For a given gray level image, let n_i be the number of gray levels at i occurrences. The probability that a pixel of level i occurs in the image is calculated as follows:

$$ p(i)=\frac{n_i}{n},\kern0.75em for\kern0.5em 0\le i<256 $$

(7)

where i is the total number of gray levels (usually 256), n is the total number of pixels in the image, and p(i) is the histogram value of level i in the image. Hence, cumulative distribution function is calculated as follows:

$$ cdf(i)=\sum \limits_{j=0}^ip(j) $$

(8)

A transform is calculated to obtain an image with a flat histogram. The resulting image has a linear increasing cumulative distribution function.

The histogram equalization calculates and normalizes the density distribution of a given image. The use of all pixels in normalization, however, results in noisy data. Therefore, contrast limited adaptive histogram equalization (CLAHE) can be used alternately. CLAHE divides the image into sections and then calculates and equalizes the histogram of each section. Applying histogram equalization to sections may result in noisy data. A contrast limit is set to overcome this.

Rayleigh Distribution is generally used to clip the histogram in CLAHE, which is also used to prevent excessive contrast magnification [23]. Rayleigh Distribution is expressed as follows:

$$ g={g}_{min}+{\left[2\left({\propto}^2\right)\ln \left(\frac{1}{1-P(f)}\right)\right]}^{0.5} $$

(9)

where P(f) is the cumulative probability distribution and g_min is the minimum pixel value.

In the last stage, subregions are joined using bi-linear interpolation method, resulting in an improved image [19, 24]. Fig. 3 shows the pixel density distribution, i.e., histogram, of a randomly selected image before and after CLAHE.

2.5 Gamma correction

Gamma correction applies a linear or nonlinear mapping between input and output gray values depending on the value of gamma. If gamma is 1, the mapping is linear. If gamma is less than 1, the mapping is weighted towards brighter values. If gamma is greater than 1, the mapping is weighted towards darker values. It is generally expressed as in Eq. 10.

$$ {I}_{out}=A\ast {I}_{in}^{\gamma } $$

(10)

Where A is generally 1 and γ is the gamma value [5].

2.6 Deep learning

Deep learning is a branch of machine learning that has provided significant solutions to many problems in recent years. It is based on artificial neural networks (ANNs), which, however, fell out of favor in the 2000s due to small data sets, low processing capacity of computers, insufficient hardware despite increasing number of layers and relatively ineffective non-linear activation functions [45]. ANNs have become popular again due to the emergence of big data, improvements in hardware technology, new non-linear activation functions and new methods of initialization [15, 18] and new methods of regularization.

Multilayer ANN models as shown in Fig. 4, aim to calculate the weight and bias parameters with which the model will yield the best output score. Multilayer sensors have many deep-layered variants, some of which are CNNs [25]. CNNs are advanced neural networks inspired by the visual cortex of living creatures and specialized for processing data with grid-like topology. Images are regarded as 2-dimensional grid-type structures.

Convolution (Eq. 11) is the response of an artificial nerve cell to excitations [25]. CNNs employ a special linear mathematical operation referred to as convolution as well, hence the name “convolutional neural network.” In CNN terminology, the first argument is the input, the second argument is the kernel and the output is the feature map [16]. Figure 4 shows the schematic of a given ANN and CNN.
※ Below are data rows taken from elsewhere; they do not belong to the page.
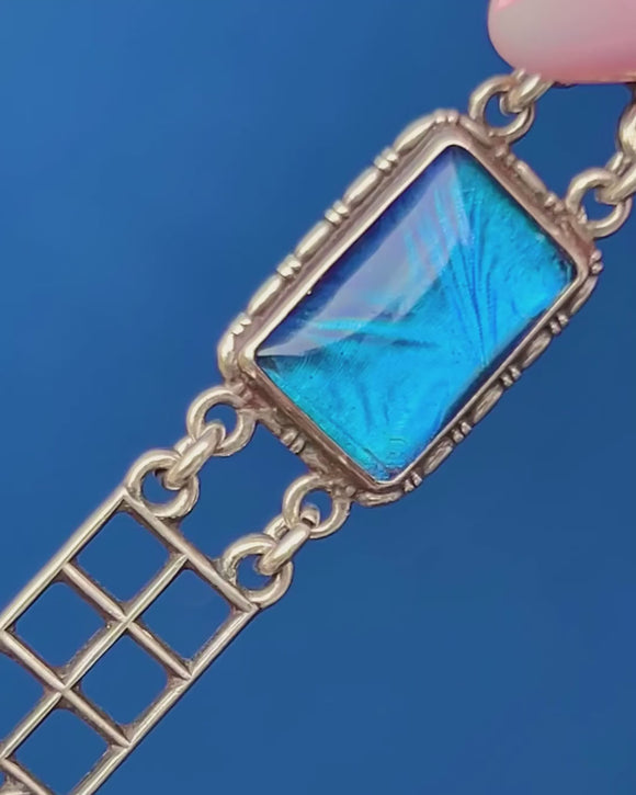 Featuring four resplendent Morpho butterfly wing links, each with a distinct vibrant azure hue with flashes of royal blue hue and a glamorous sheen, this bracelet will easily capture attention and delight.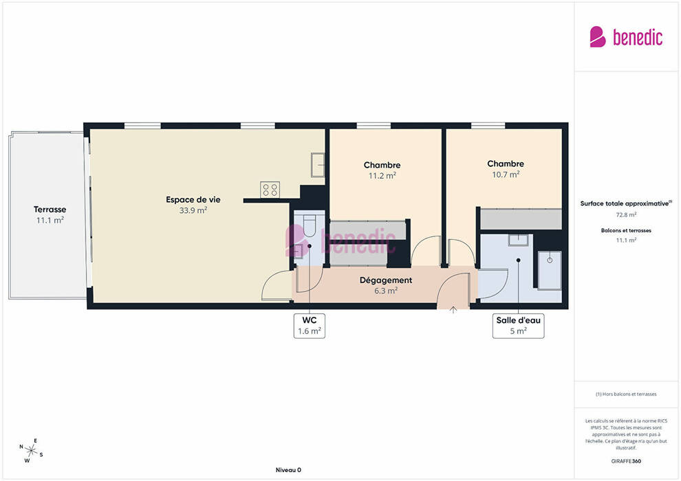Surface totale: 72 m²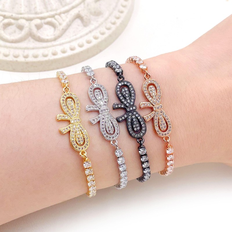 - 1. Design: This tennis bracelet features an exquisite bow design, adding a touch of fashion and elegance to the classic tennis bracelet look. The bow shape symbolizes love and happiness, suitable for various occasions to wear and showcase female charm.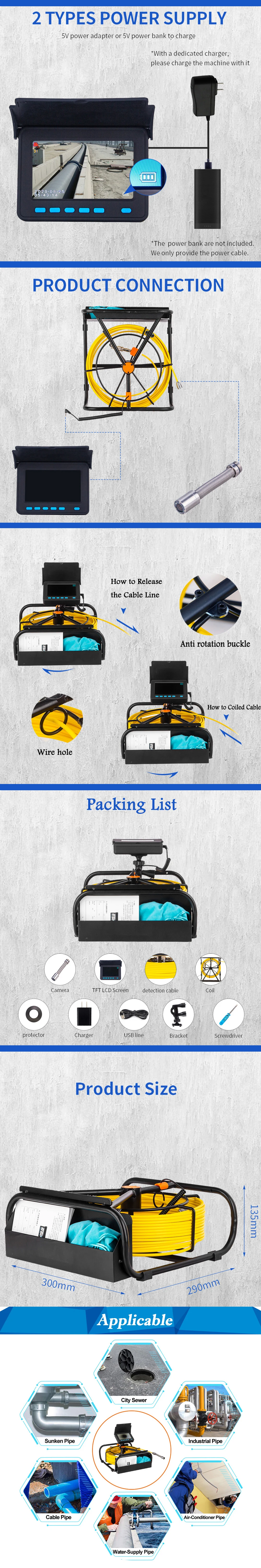 Это система для инспекции труб для профессиональной и повседневной работы. Она используется для проверки трубопроводов, канализационных труб, колодцев, воздуховодов HVAC, инспекции Общего здания и многого другого.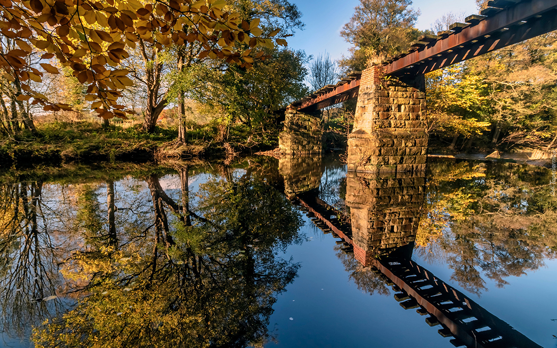 Edytor tapety: Odbicie mostu i jesiennych drzew w rzece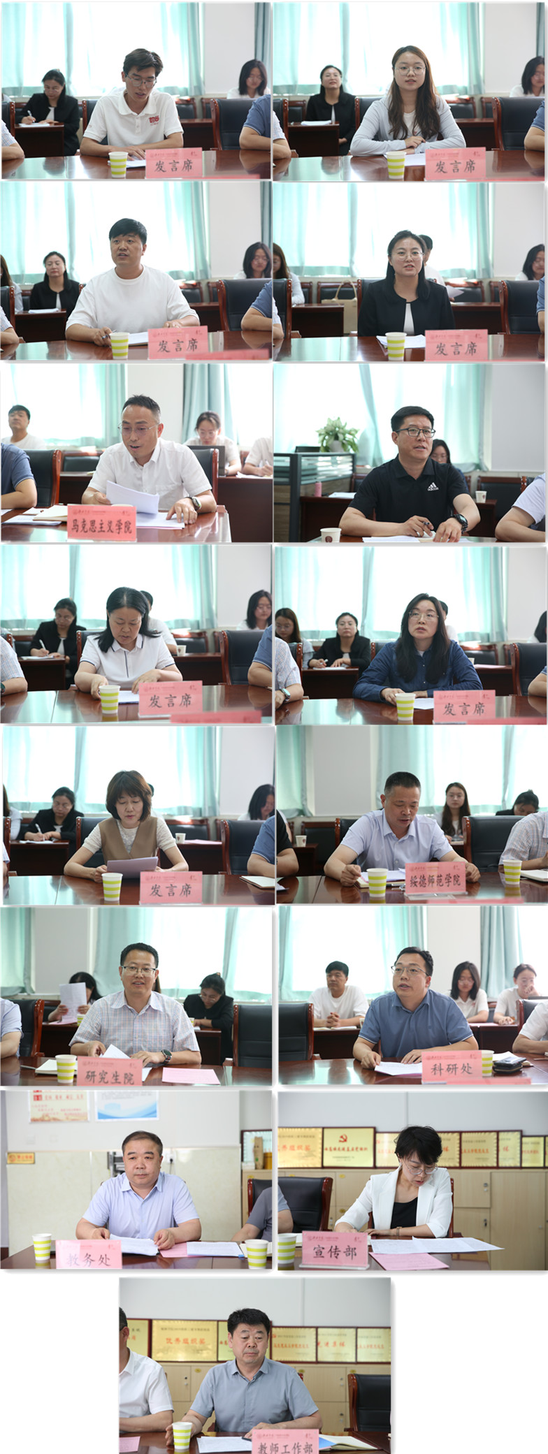 研究生院、科研处、教务处、宣传部、教师工作处等相关职能部门负责人现场办公,面对面回应,当场举措,就思政课建设和马克思主义学院发展中硕士点建设与特色课程开发、研究生思政课程实践基地建设、科研平台与专项研究开展、教学团队与名师工作室建设、思政课教师队伍建设等一系列问题进行表态发言,表示要自觉担负起主体责任,严格按照学校党委要求,在制度、政策、经费等方面全力支持,为思政课建设和马院高质量发展保驾护航、共同行动。

$$ \mathrm{s}\left(\mathrm{t}\ \right)=\left(\ \mathrm{x}\ast \mathrm{w}\right)\left(\mathrm{t}\right) $$

(11)

Deep learning is based on learning multiple levels of data resulting from the interaction of multiple abstract layers. The output of a layer is the input to the next layer. In the first layers, low quality features are derived, from which high-quality features are derived, resulting in a hierarchical representation. Deep learning provides low- and high-quality feature extraction from a given raw image [1].

In a CNN, the convolution layer is the basic layer where the perception of the basic features of an image is carried out. In Eq. 12, the output attribute map is expressed after the convolution in its most general form. Given a convolution layer l, the input consists of $ {kb}_1^{\left(l-1\right)} $ attribute maps of the previous convolution layer. When l = 1, this value is the channel size $ {kb}_{\mathbf{2}}^{\left(l-1\right)} $, $ {kb}_3^{\left(l-1\right)} $ image dimensions of the image input.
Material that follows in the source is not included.